Functional overview
This following figure provides a simplified system overview in the form of a block diagram.
Figure 1. xSPI block diagram
The xSPI kernel is connected to the SRI slave via the SRI to AHB bridge and SRI master via SRI to AXI bridge. Access to host control registers and memory mapped register space via XIP takes place through SRI slave interface. Data transfers from/to external memory to/from internal memory space takes place through an internal Direct Memory Access(DMA) engine via the SRI master interface. Any type of non DMA mode data transfers takes place through the SRI slave using the internal tx and rx FIFO memory.

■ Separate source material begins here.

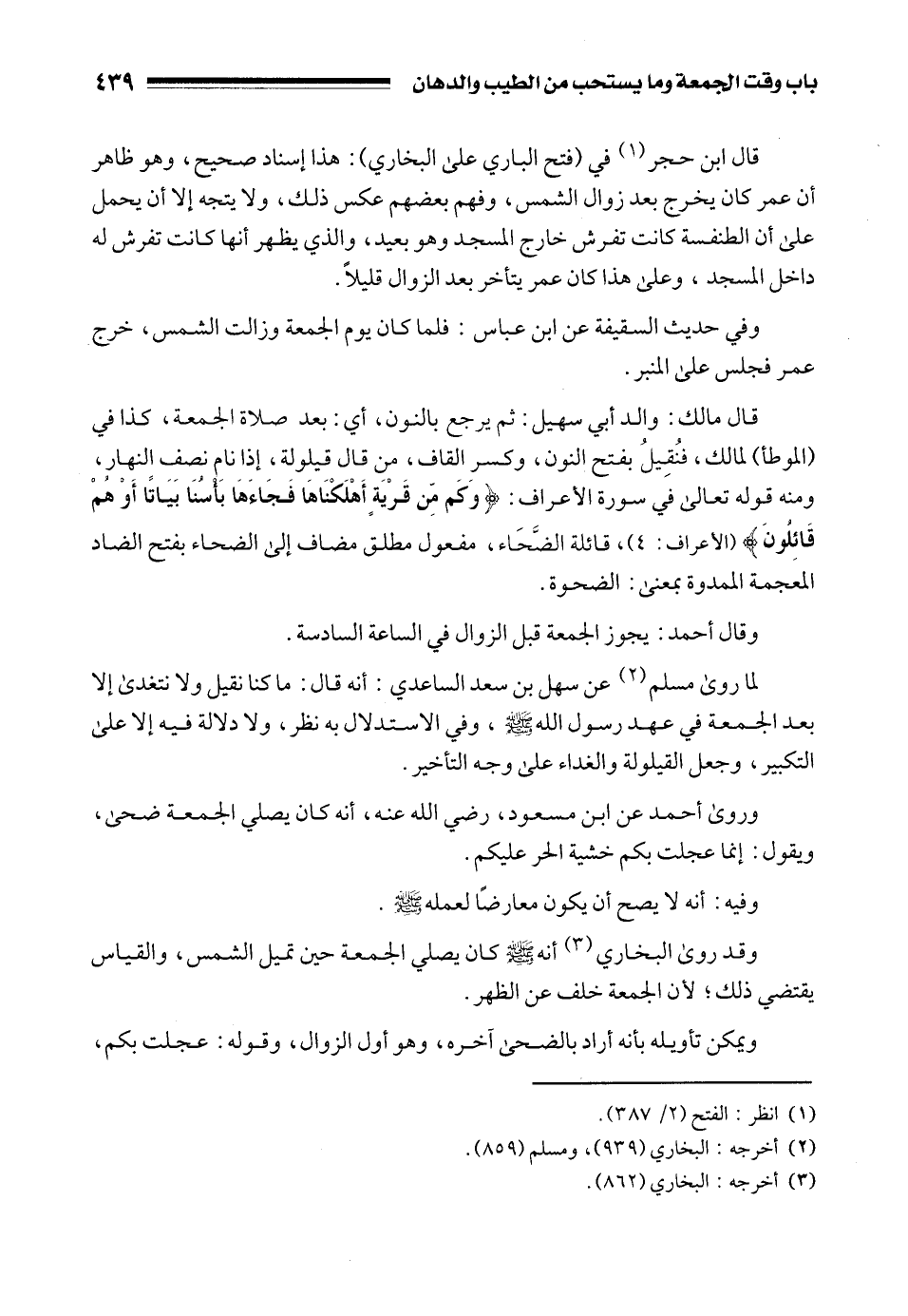 قال ابن حجر (¬1) في (فتح الباري على البخاري): هذا إسناد صحيح، وهو ظاهر أن عمر كان يخرج بعد زوال الشمس، وفهم بعضهم عكس ذلك، ولا يتجه إلا أن يحمل على أن الطنفسة كانت تفرش خارج المسجد وهو بعيد، والذي يظهر أنها كانت تفرش له داخل المسجد، وعلى هذا كان عمر يتأخر بعد الزوال قليلًا.

All the safety related interrupts are grouped under two alarms XSPIDATAADD (XSPI data address error alarm) and XSPIFSM(XSPI FSM alarm) that interfaces to SMU (Safety and security alarm Management Unit). Similarly, the non safety related interrupts are grouped under two interrupts XSPIFIFO and XSPIERROR that interface to IR (Interrupt Router).
The HSPHY functional block contains the DLL (Delay Locked Loop) along with Port 16 IO (Input Output) pad related SFRs that can be accessed via an SPB interface. The xSPI receives two times the f
xSPI
clock called f
XSPI*2
from the HSPHY. The SSI_clk is the internal peripheral kernel clock that is used to generate the Sclk_out. The BAUDR register helps in scaling the SSI_clk if needed, to obtain the desired output clock Sclk_out. The Sclk_in is used to sample the incoming data during data reads.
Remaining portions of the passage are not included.